5. The method according to claim 4, characterized in that, The trajectory smoothness is characterized by the discrete second-order difference of the velocity sequence or the integral value of the jerk; the coordination index is characterized by the correlation coefficient between the upper limb joint angle sequence and the trunk angle sequence; the action completion rate is determined by the actual completed trajectory length, the reference trajectory length, and the target arrival state; the compensation motion index is characterized by at least one of the trunk displacement amplitude, shoulder joint abduction angle, and abnormal coordination action duration.

6. The method according to claim 1, characterized in that, In step S4, the first evaluation model is any one of a one-dimensional convolutional neural network, a recurrent neural network, a long short-term memory network, a gated recurrent unit network, and a convolutional recurrent combination network; the first evaluation model takes a time series feature matrix of length T and feature dimension d as input and outputs the probability distributions corresponding to K evaluation levels.

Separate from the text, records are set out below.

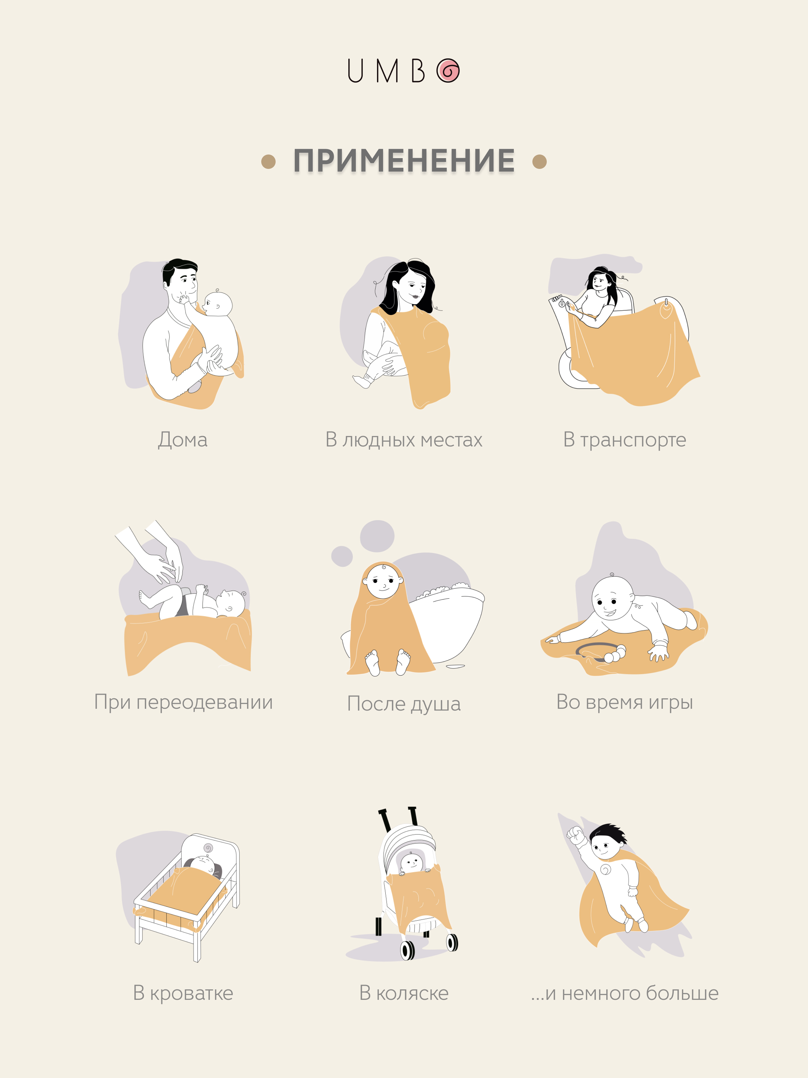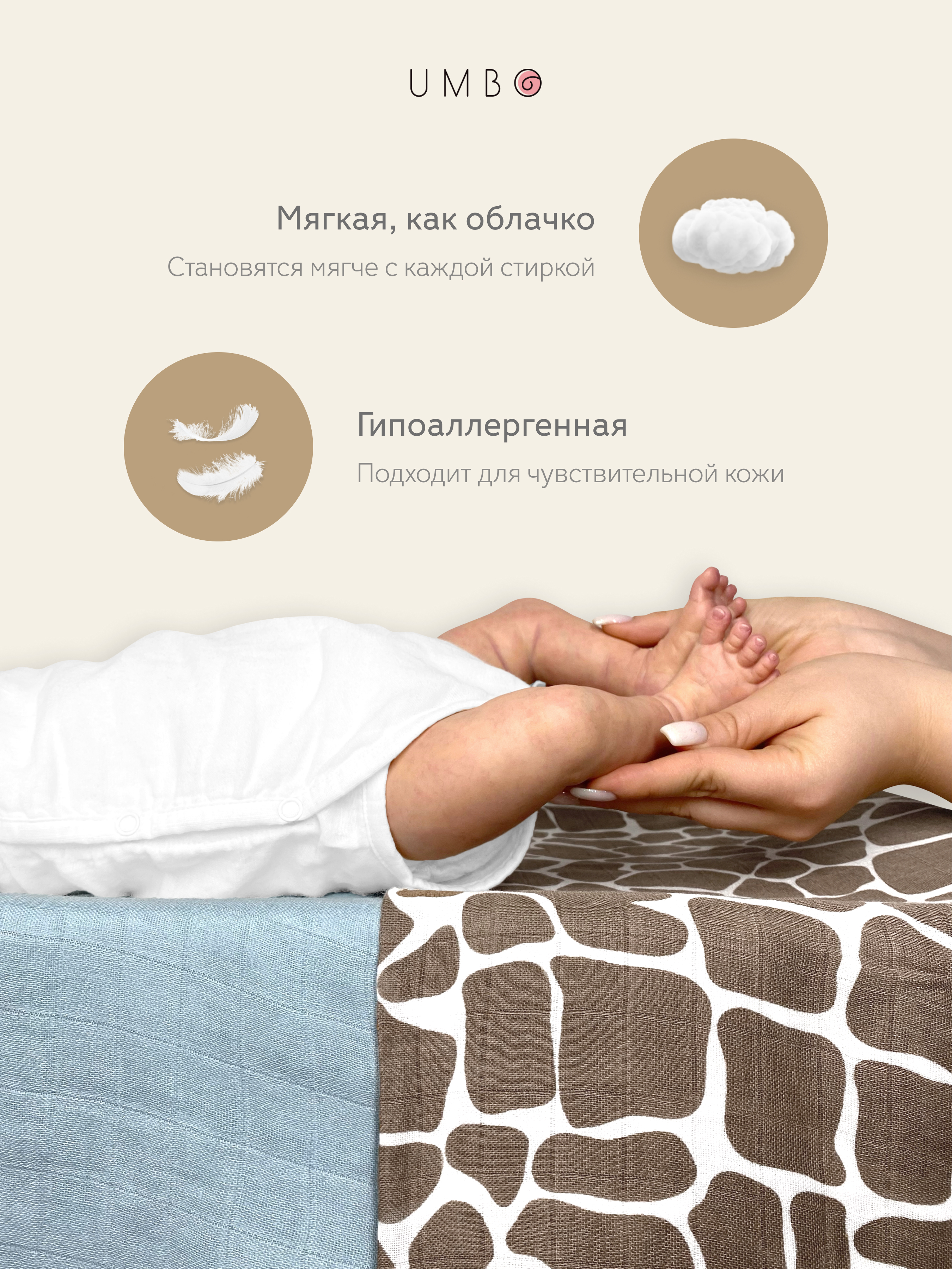 Пеленка текстильная UMBO 90 х 120 см, Хлопок, 1 шт Сафари
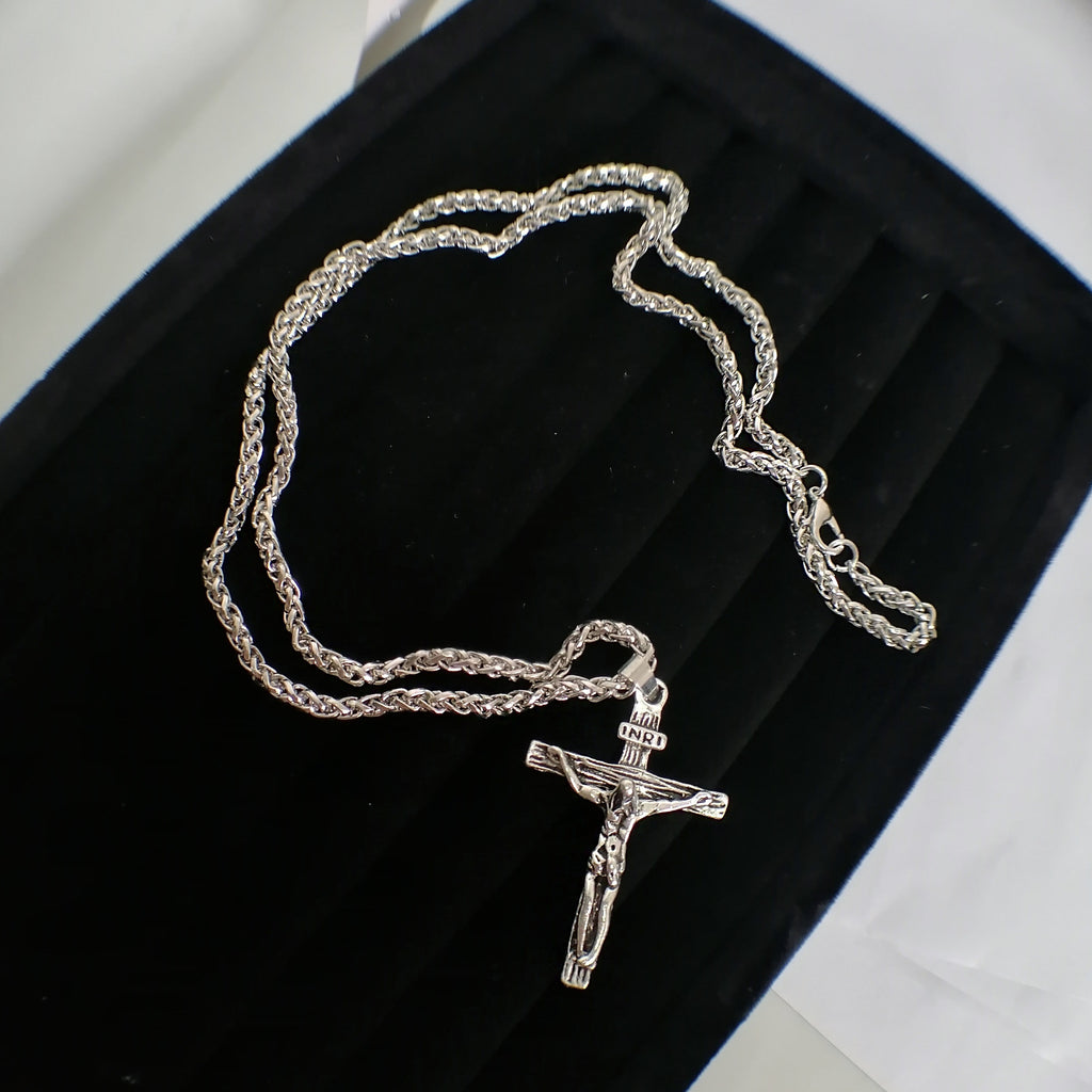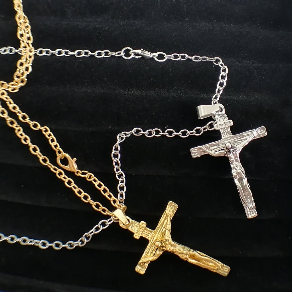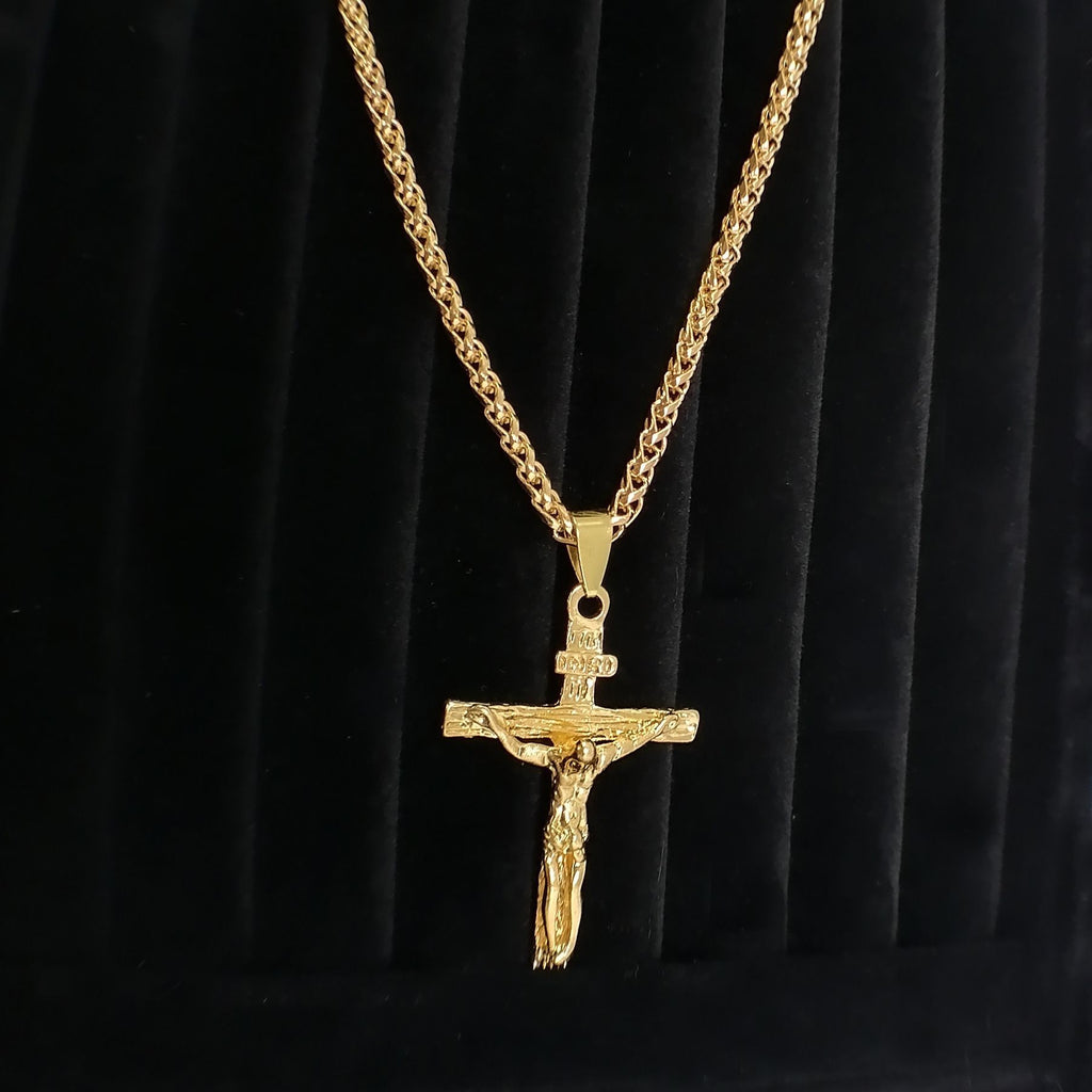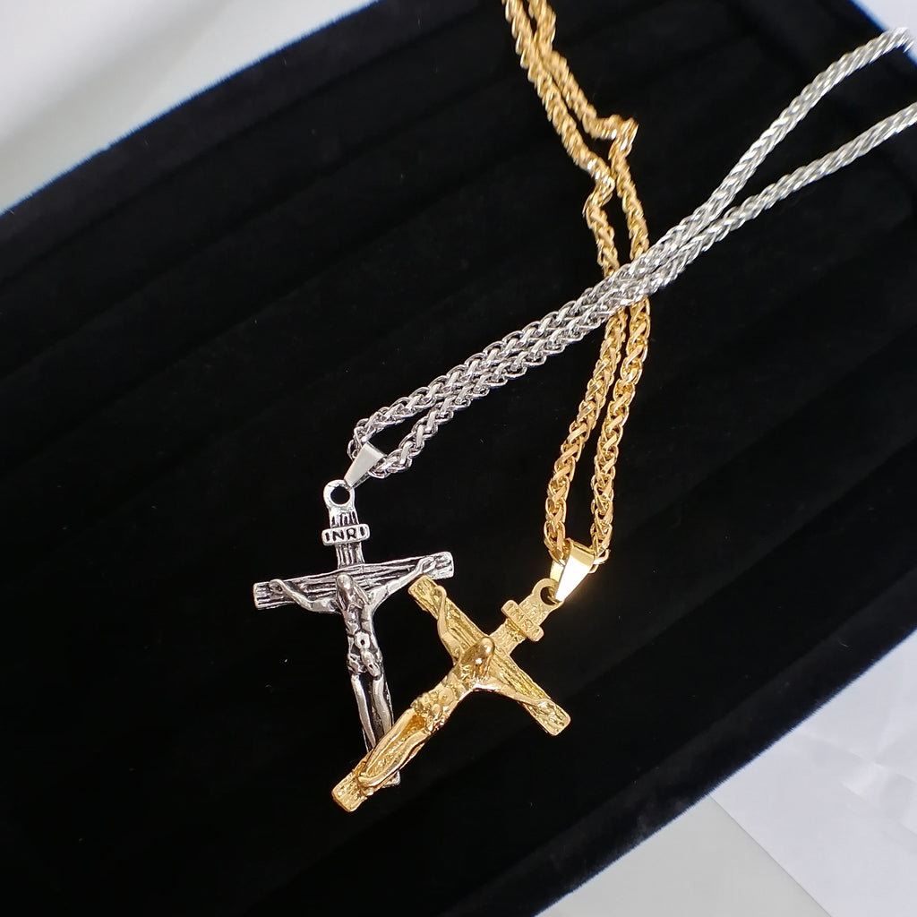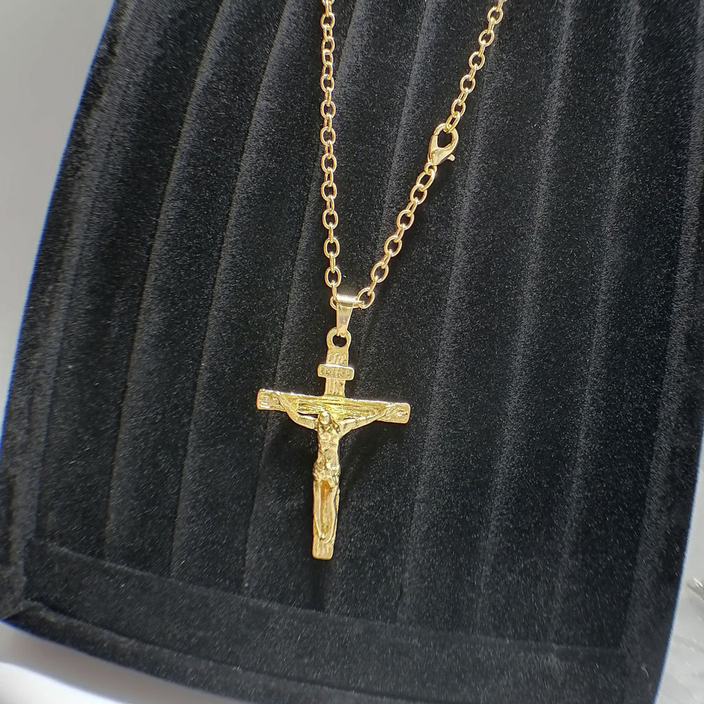 Hot Sale Religious Christian Jewelry Gold Color Crucifix Jesus Cross Pendant hip-hop keel chain necklace for men
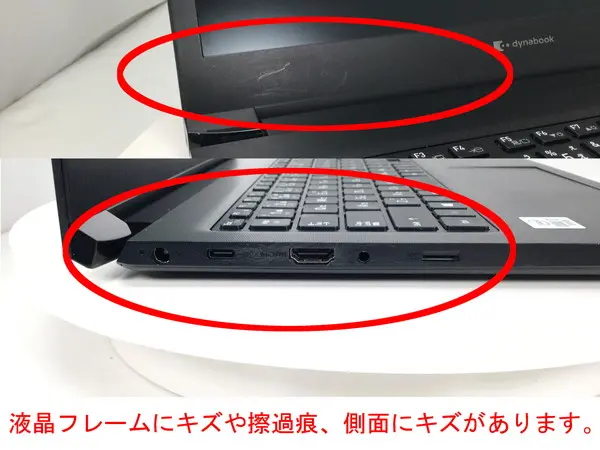- 【訳あり理由:天板や側面にキズがあります。液晶フレーム部に擦過痕やシール跡があります。
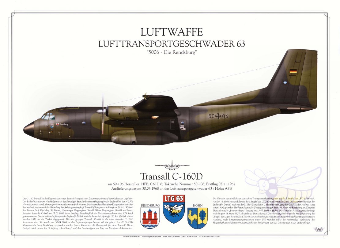 Seit dem 06.06.1994 verbindet die Stadt Rendsburg eine Patenschaft zur Transall C-160 „Rendsburg“ beim Lufttransportgeschwader LTG 63 auf dem Flugplatz Hohn. Die Maschine hat viele Hilfs- und UN-Einsätze in die verschiedensten Länder geflogen. 2012 ist sie Außerdienst gestellt worden und in ihre Einzelteile zerlegt worden. Die Platte mit dem Stadtwappen und dem Namenszug Rendsburg wurde aus dem Rumpf geschnitten und wird zusammen mit dem Gästebuch der Maschine der Stadt Rendsburg für die militärhistorische Sammlung übergeben.

7. The method according to claim 1, characterized in that, In step S5, each rule in the confidence rule base model includes a premise attribute, a premise attribute reference level, a rule weight, an attribute weight, and a posterior confidence level. The premise attribute includes at least two of the following: average speed, trajectory smoothness, coordination index, action completion rate, and compensating motion index. Rule activation is obtained by calculating the matching degree of the sample to be evaluated relative to the reference level of each premise attribute, and the activation weight of each rule is normalized. Confidence fusion synthesizes evidence by combining the normalized rule activation weights with the posterior confidence of each rule to obtain the final confidence distribution.

8. An electronic device, characterized in that, It includes a processor and a memory, wherein the memory stores a computer program, which, when executed by the processor, implements the method according to any one of claims 1 to 7.

9. A computer-readable storage medium having a computer program stored thereon, characterized in that, When the computer program is executed by a processor, it implements the method described in any one of claims 1 to 7.